The Living Thing / Notebooks :

Warping and registration problems

Matching up of bumps and wibbles in stretchy things

TBD. Various notes on a.e. continuous monotonic changes of index to align two process, and estimation thereof.

Warping, registration problems. Especially interesting for functional data analysis, and analysis/resynthesis.

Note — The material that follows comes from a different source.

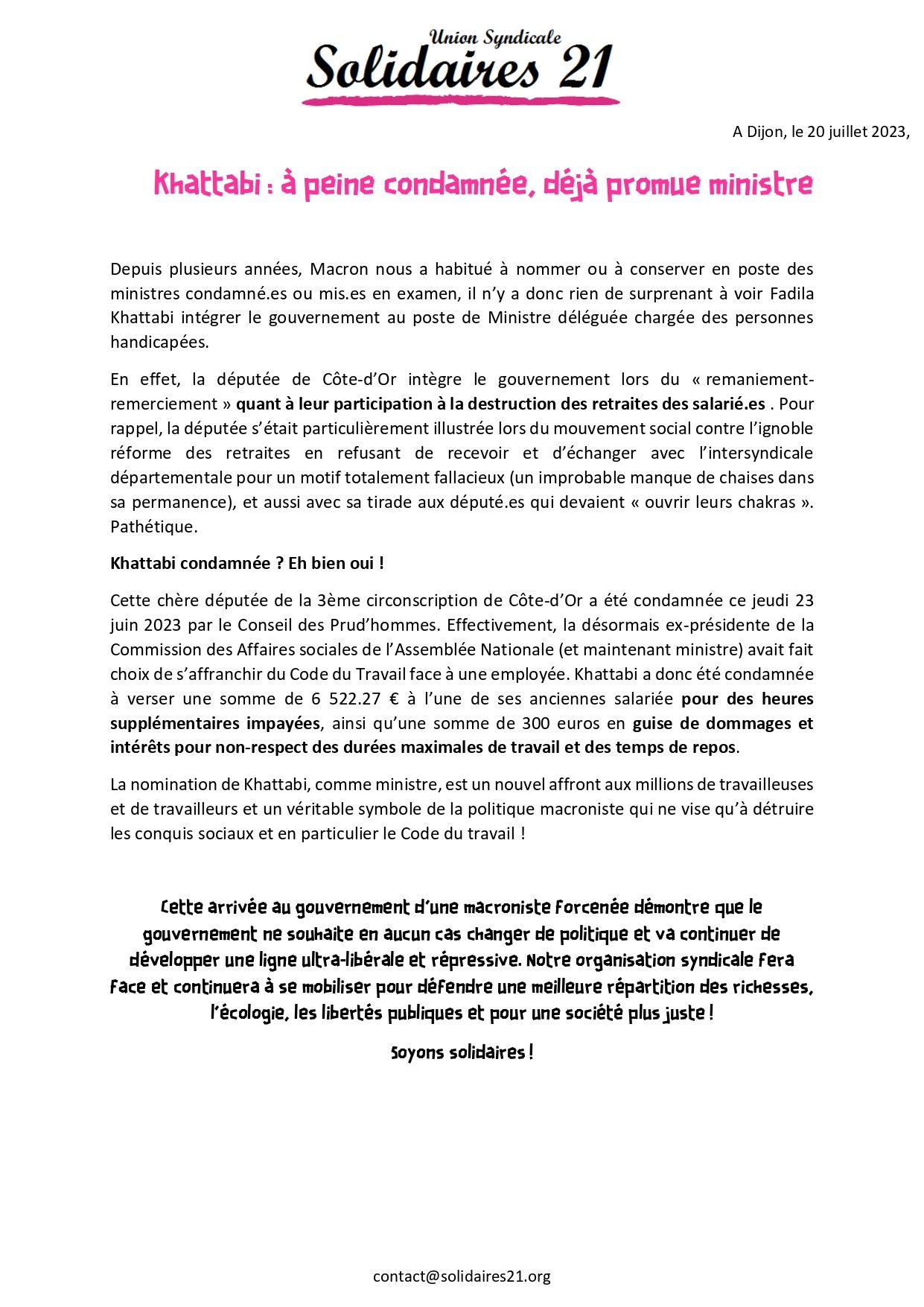 Cette chère députée de la 3ème circonscription de Côte-d’Or a été condamnée ce jeudi 23 juin 2023 par le Conseil des Prud’hommes. Effectivement, la désormais ex-présidente de la Commission des Affaires sociales de l’Assemblée Nationale (et maintenant ministre) avait fait choix de s’affranchir du Code du Travail face à une employée. Khattabi a donc été condamnée à verser une somme de 6 522.27 € à l’une de ses anciennes salariée pour des heures supplémentaires impayées, ainsi qu’une somme de 300 euros en guise de dommages et intérêts pour non-respect des durées maximales de travail et des temps de repos.

A deterministic problem related to statistical changes of time.

General setup:

You have two functions \(\phi,\psi\), which we will assume for now are both \(\mathbb{R}^+\rightarrow \mathbb{R}\) and you wish to align them with respect to some pointwise loss, \(\ell\) and some class of permissable class \(\mathcal{F}\) of warping functions \(\mathbb{R}^+\rightarrow\mathbb{R}^+\), and you wish to do this over some interval \(D\).

This means that you wish to find

\begin{equation*} \argmin_{f\in \mathcal{F}} \int_D(\ell(\phi(t), \psi(f(t))))dt \end{equation*}

Affine warps of a real function

Image/sound alignment problems are an interesting special case where we usually want affine warps, i.e. \(f(t)=at+b\) for some constants \(a,b.\) Here the problem is mathematically not so complex, but in practice it can become computationally intractable; In particular, let’s say your function is interpolated from data, i.e. we observe \(\phi(k), k=1,2,3\dots,N,\) and \(\phi(k), k=1,2,3\dots,N.\) and construct a nice interpolant \(\hat{\phi}\) Leaving aside statistical questions about how accurate this is, which is a whole other story, how computationally feasible is this to check for alignment with some other ?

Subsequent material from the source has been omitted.